Did animals posses the mental faculties needed to end their own lives deliberately? Suicide involves a set of higher-order cognitive abilities. It requires an awareness of one’s own existence, an ability to speculate about the future, and the knowledge that an act will result in death. There are indications that certain animals have some of these capacities. Dolphins, many primates, magpies, and elephants can recognize themselves in a mirror, suggesting self-awareness. Some animals know how to pretend during play activities, which indicates an ability to imagine counterfactual worlds. Still, no one really knows which animals, if any, can combine these capacities to perform an act similar to human suicide.


Reason for commit suicide

 Depression or lonely: animals will inadvertently terminate their own lives  when depressed or lonely. Highly bonded animals change their behavior when they lose a companion. For example, dogs in such situations sometimes go into depression and reject food and attention until they eventually die.

Toxoplasma gondii: the parasite Toxoplasma gondii affects the brains of rodents and causes them to be attracted to their enemy-the cat. A study made by University of Maryland researchers found that those with high levels of Toxoplasma gondii antibodies were more likely to have attempted suicide.   

*Toxoplasma gondii is a species of parasitic protozoa in the genus Toxoplasma. The definitive host of T. gondii is the cat, but the parasite can be carried by many warm-blooded animals. It can have serious or even fatal effect on a fetus whose mother contacts the disease. It also indicated an influence of T. gondii on suicidal behaviours.


            Driven by an instinct of self preservation: Self-destruction in the natural world is fairly common.For example, scorpions were thought to sting themselves when surrounded by fire. A deer jumped from a precipice to avoid capture by hunting dogs. Infected mole rats or bees that abandon the colony to prevent an epidemic, algae die for the good of the community. 


   There has one theory holds that when a sick individual heads to shore to die, the others follow.

 

Dogs commit suicide in Overtoun Bridge

In the rolling green foothills outside of West Dunbartonshire, Scotland, stands the impressive Victorian stone mansion known as Overtoun House.
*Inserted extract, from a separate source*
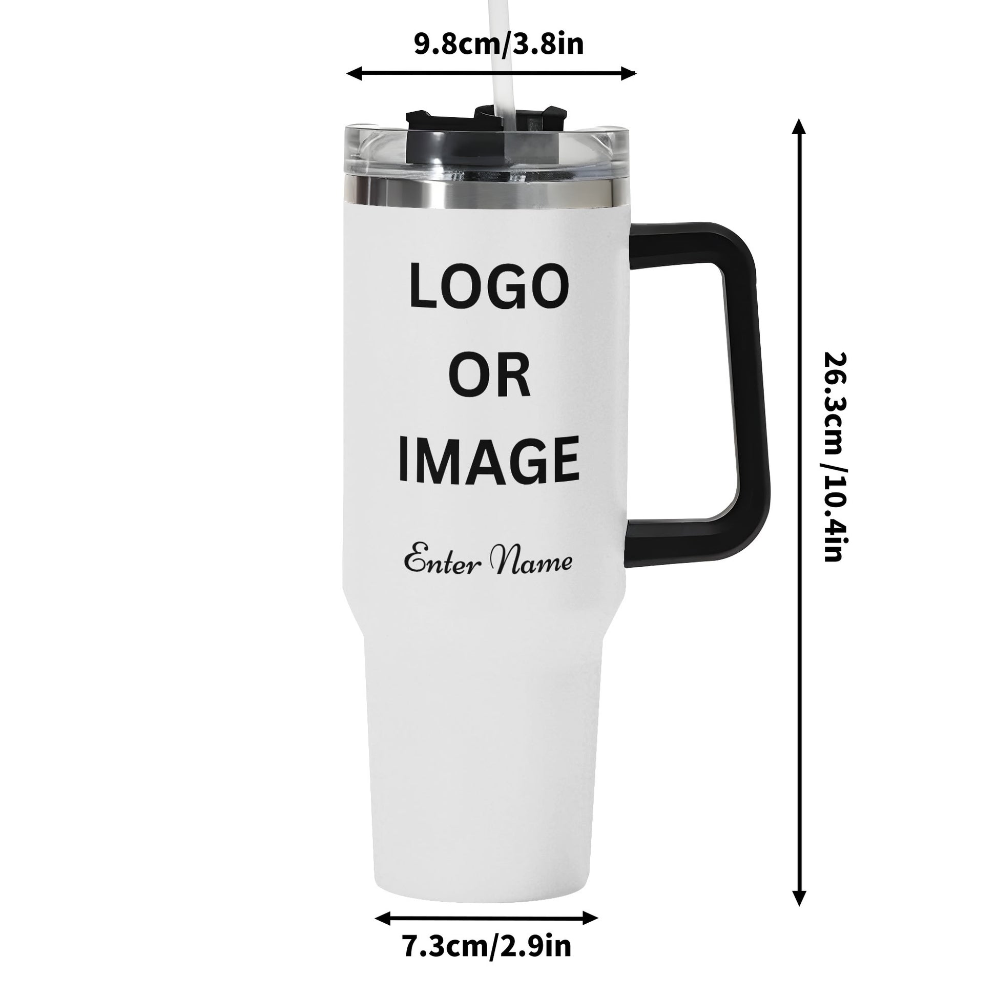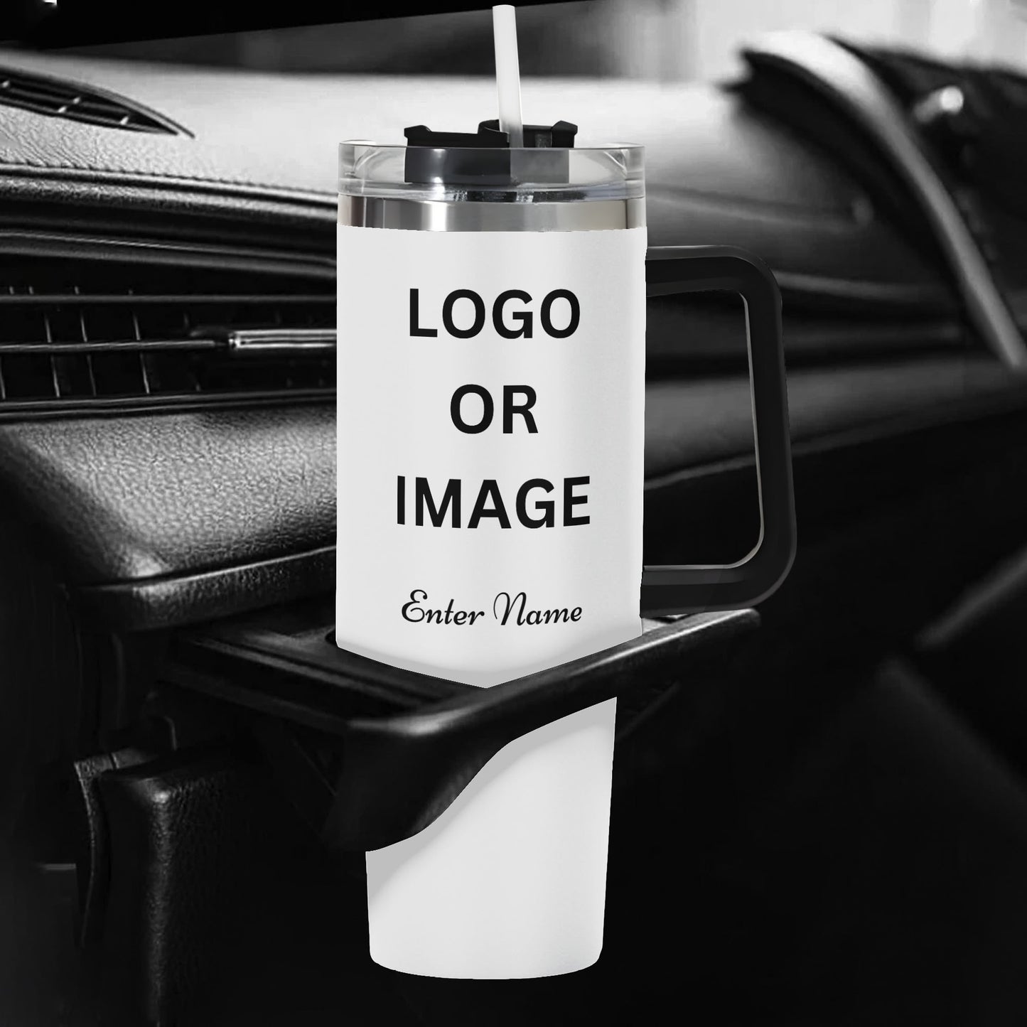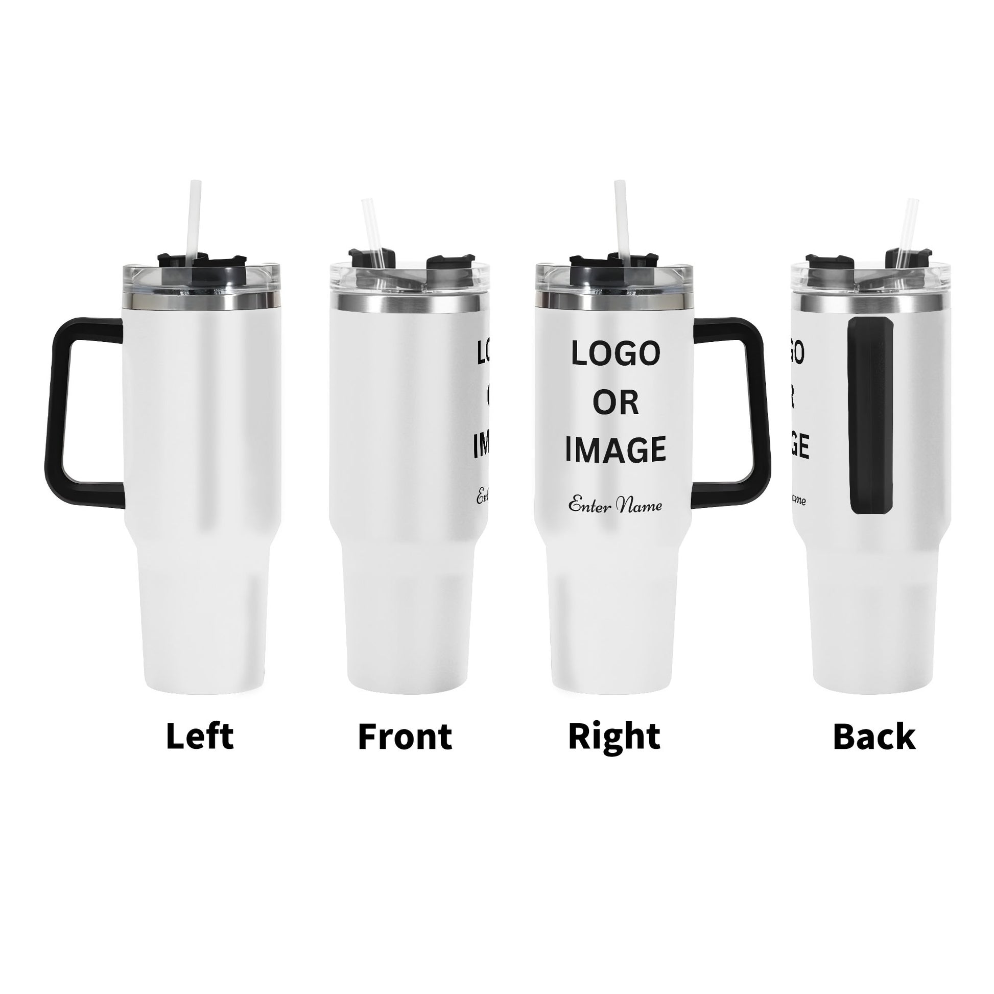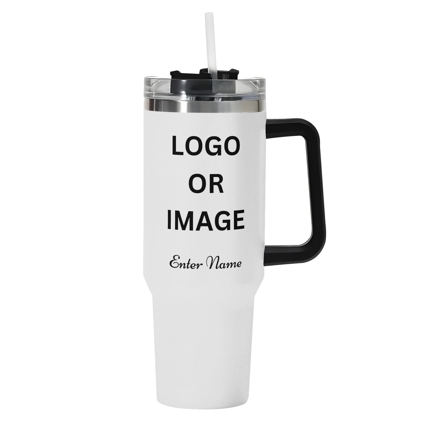 Personalized 40oz Stainless Steel Tumbler Gift With Black Handle and Straw

It was originally built in the 1860s as the private retreat of industrialist and philanthropist James White, the first Lord Overtoun, from locally quarried granite. It has the ornate look and size of a classic Scottish castle, and leading up to it is a bridge that is no less imposing. The heavy granite structure spans the shallow, rocky creek called Overtoun Burn, 15 meters below the roadway. Something about the bridge has an unusual affect on dogs. The story goes that over the past few decades, at least fifty dogs have leapt the walls and fallen to their deaths on the creek bottom far below. This bridge of doggie doom is known to some as "Rover's Leap", the place that compels dogs to suddenly, and deliberately, commit suicide.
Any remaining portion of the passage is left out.